The Glorious L.B.K.E.N.M.

Written by Jonathan Wojcik

   So I was prowling google for things with the word "maggots" in them one day when I stumbled upon what I immediately recognized as the seven most beautiful words in the English language:

   I think we've all seen this type of toy by now; these rubber, squishy bubbles filled with an inedible novelty stew are a staple of dollar stores, gas stations and discount aisles. It's not even that uncommon for them to contain imitation blood and maggots, but the moment my eyes met The Luminous Big Kito Extrusion Nausea Maggots, I knew it was something special. So special, I daresay that minimum $37 for ten of them would have started to look perfectly reasonable, had I not immediately found them on the shifty for individual sale, and the God, the pictures:

   Can you believe how beautiful they made these look? They're like if harlequin fetuses could have harlequin fetuses. Cheap manufacturing seems to only enhance their rugged charm, and Everbuying was kind enough to include these essential product specs:

   You mean to tell me that a Luminous Large Maggots Big Ghost Head is a unisex product you can use to reduce pressure? Practical and progressive! And they're made of 100% pure flexible glue.

   Alternative listings offer their own perspective on the Big Ghost Head's unique merits, reminding us twice that this practical joke tool is a realistic rubber skeleton, even vivid, like a real one! Look at him, lying on his vivid little face. Precious

Unfortunately, is merely one deceptive facet of a single vast, Chinese wholesale network notorious for lost packages and misrepresented merchandise. I ordered three of these little cuties, but would they really arrive? Even then, could they ever be as glamorous as their internet photographs implied? I couldn't have known how much airbrushing, photoshopping and camera angle voodoo they may have pulled, here. In person, these little rascals could even look like effort was put into them!

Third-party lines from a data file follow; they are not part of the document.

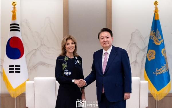 윤석열 대통령은 3월 27일 오후 캐롤라인 케네디 미국 존 F. 케네디 재단(이하 JFK 재단) 명예회장(現 주호주 미국대사)을 접견했다.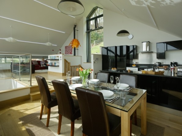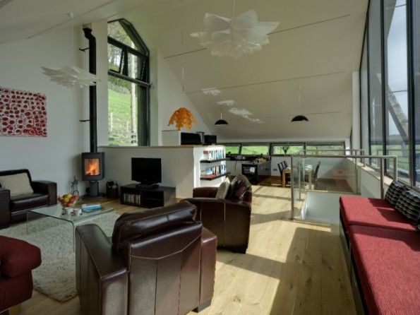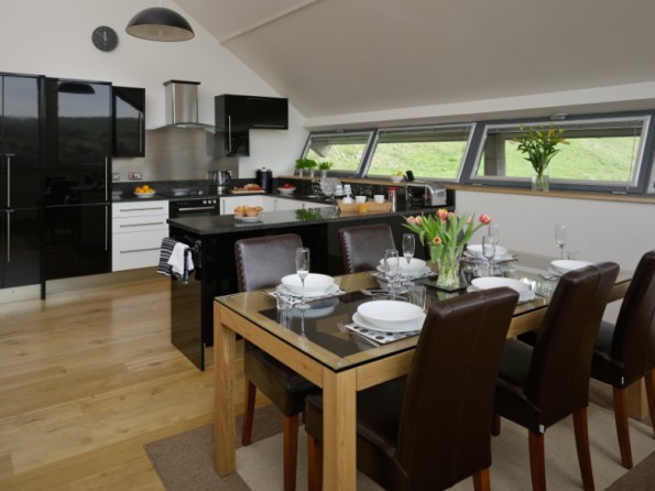 Re-built in 2008 from the remains of an original stone barn, this contemporary new home now has an abundance of glass, solid oak floors, granite worktops, bespoke LED lighting and a large stone flagged terrace for alfresco dining. Free WiFi internet is provided. The barn provides fabulous upside-down accommodation with window seats in the living area capturing dramatic views and original barn openings providing windows in the bedrooms downstairs. Carefully planned to offer luxurious eco-friendly accommodation, this superb holiday home provides underfloor heating from a ground source heat pump and has a heat-recovering ventilation system to keep the air fresh without losing heat. Solar photo-voltaic electricity generation system to further reduce its carbon footprint.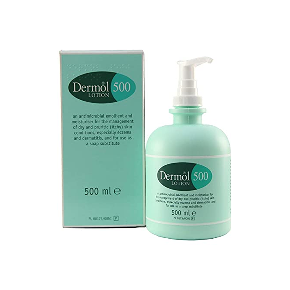 Dermol 500 Lotion 500ml is a dual-purpose emollient and cleanser formulated to treat dry, sensitive, and eczema-prone skin. It contains antimicrobial agents to reduce bacteria on the skin and prevent secondary infections. Suitable for daily use in the bath or as a soap substitute, it provides intense hydration and relieves itching and irritation.

   Thankfully, my fears were squashed when my package finally arrived an agonizing eight weeks later, and I pulled the first Nauseous Ghost Head Maggots Tool from its bubble-wrap chrysalis. Every bit as radiant as its JPEGs promised, I immediately deliberated over a long list of baby names before settling on Morag, which is an awesome real name for little girls.

   Morag functions exactly as specified; her realistic rubber skeleton is vivid, like the real thing, and when expressed by hand, will come out maggots. I love the way her nub-like tongue protrudes rudely from the fleshy ring of her perfectly circular mouth, like an inverted nipple trying not to regurgitate.

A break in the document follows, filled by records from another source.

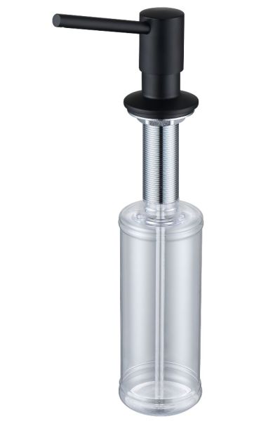 Дозатор встраиваемый для жидкого моющего средства Raglo R720.01.06 - отличный аксессуар для вашей кухни. Устанавливается в отверстие в столешнице Ф25 - 35 мм и фиксируется при помощи прижимной гайки на резьбе, рядом со смесителем для кухни. А со смесителями R80.62.06, R81.64.06, S70.61.06 составит прекрасный дуэт. Потому что выполнены они в одном цвете - черный. Толщина столешницы возможна от 1 до 5 см. Головка дозатора из латуни, колба объемом 350 мл из прочного пластика. Нажатие мягкое, носик дозатора поворачивается на 360 градусов. Дозатор легко монтируется на столешницу и весьма удобно и просто происходит пополнение моющего средства. Дозатор превосходно организует пространство у мойки и несомненно украсит ее.
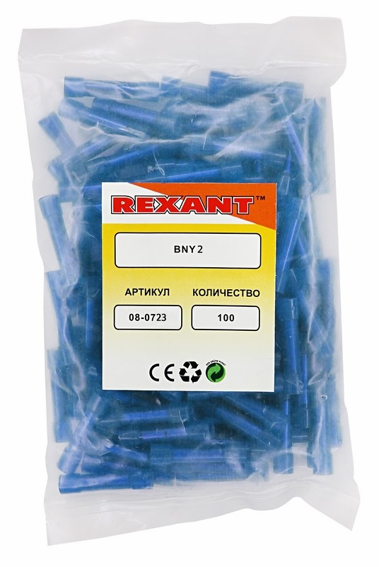 Изолированный соединитель REXANT состоит из двух компонентов: металлической бесшовной трубки и защитного изолятора, закрывающего коннектор полностью. Цельнотянутая металлическая трубка (контактная часть) изготовлена из латуни, с поверхностным электролитическим лужением, имеет посередине ограничительную высечку, для равномерного заведения проводов с обеих сторон. Изолятор гильзы изготовлен из нейлона, надежно защищающий контактную часть от внешних воздействий, а человека от поражения электрическим током. Полупрозрачный корпус позволяет контролировать заход жил. Обжатие производится путем механической деформации специальными пресс-клещами (ht-301 H, ht-301 N, ht-301 W) поверх защитного изолятора. Цвет изолятора синий.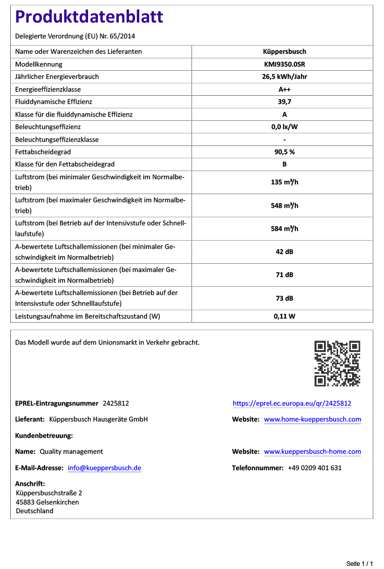 • Austausch gegen einen gleichwertigen oder neuen Artikel Küppersbusch KMI 9350.0 (ggf. auch ein Nachfolgemodell).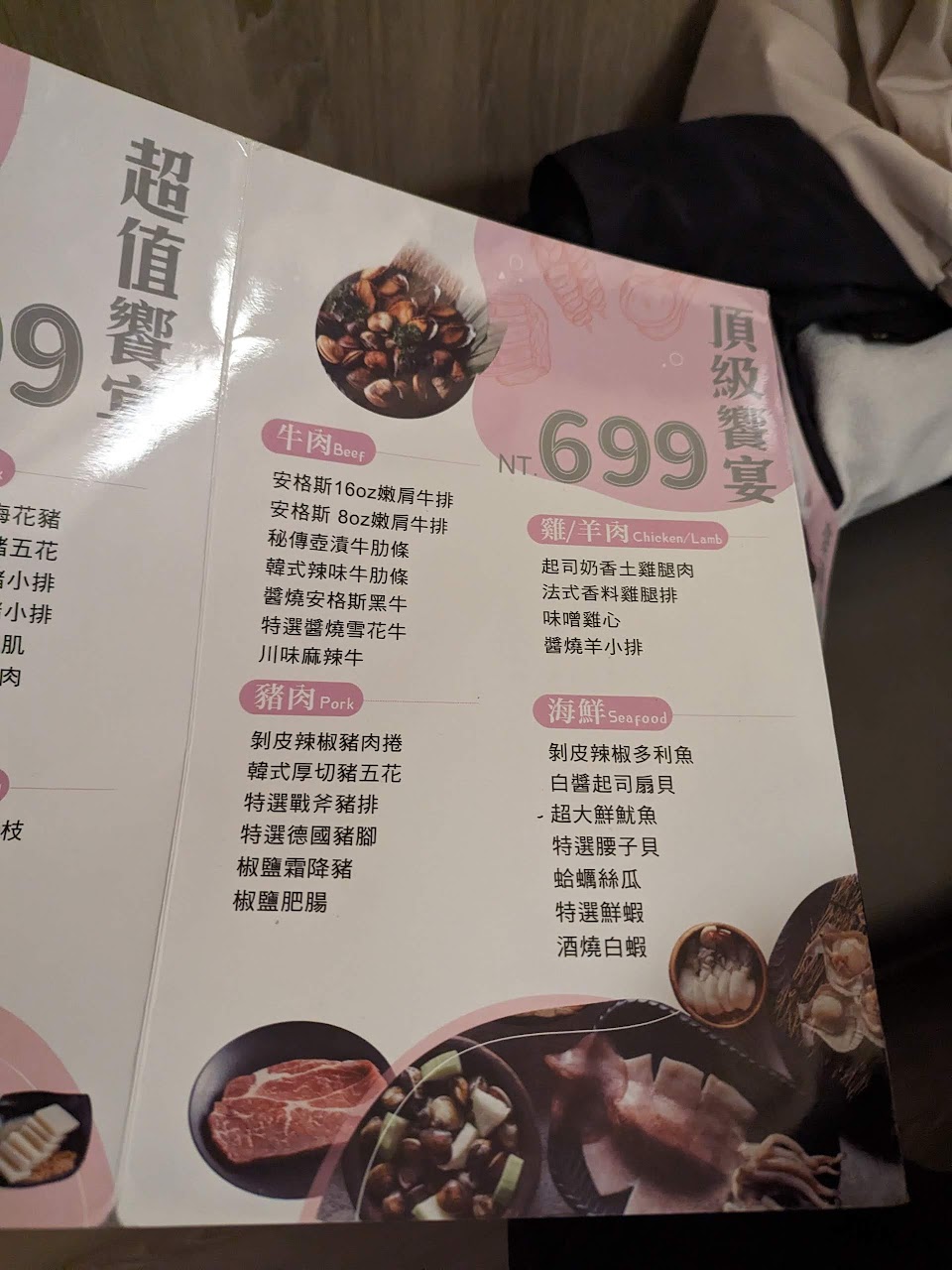 價格偏高,一個人最便宜要大約635(已加服務費)但即便是最便宜的套餐,肉類種類也是不少,這次點的套餐也是635的

   Sparing no expense, little Morag's cranium comes stocked with no less than two species of insect larvae; both fat, limbless grubs characteristic of true Diptera and more elongate specimens whose physiology at first implies a Lepidopteran lineage, but complete lack of prolegs has me leaning more towards the Coleoptera. Her secrets thoroughly laid bare, it was time to set Morag aside and fish out the next Shimmering Practical Face Worms Cadaver.

   Much to my surprise, Morag's first of two siblings had a slightly different design, sporting pointed, well developed ears, pronounced cheek bones and a gaping, lipless mouth. I decided arbitrarily that this one was a boy, and that he should be named Milburn.

   Again, the mouth is one of the most endearing features. In Milburn's case, little more than a depression in his bulbous visage, grown over with a membrane of skin. As bloated insect larvae twist and roll in the juices that were once his brain, Milburn can only scream silently behind a prison of his own flesh, filling me with a sense of nostalgia for early childhood.

   It seemed at first as though Milburn had expended his bag of tricks, but as I rigorously prolapsed his squelching eyes, a sort of vestigial eyelid unfurled itself, followed by another. The manufacturing process no doubt discards the vast majority of these ocular membranes, possibly to melt down into more Morags, but rebellious little Milburn somehow managed to slip through the fingers of his oppressive masters.

   Things took an intriguing new turn as I finally unpacked my third Vivid Ghost Tool Prank Head, an identical twin to Morag with something subtly amiss!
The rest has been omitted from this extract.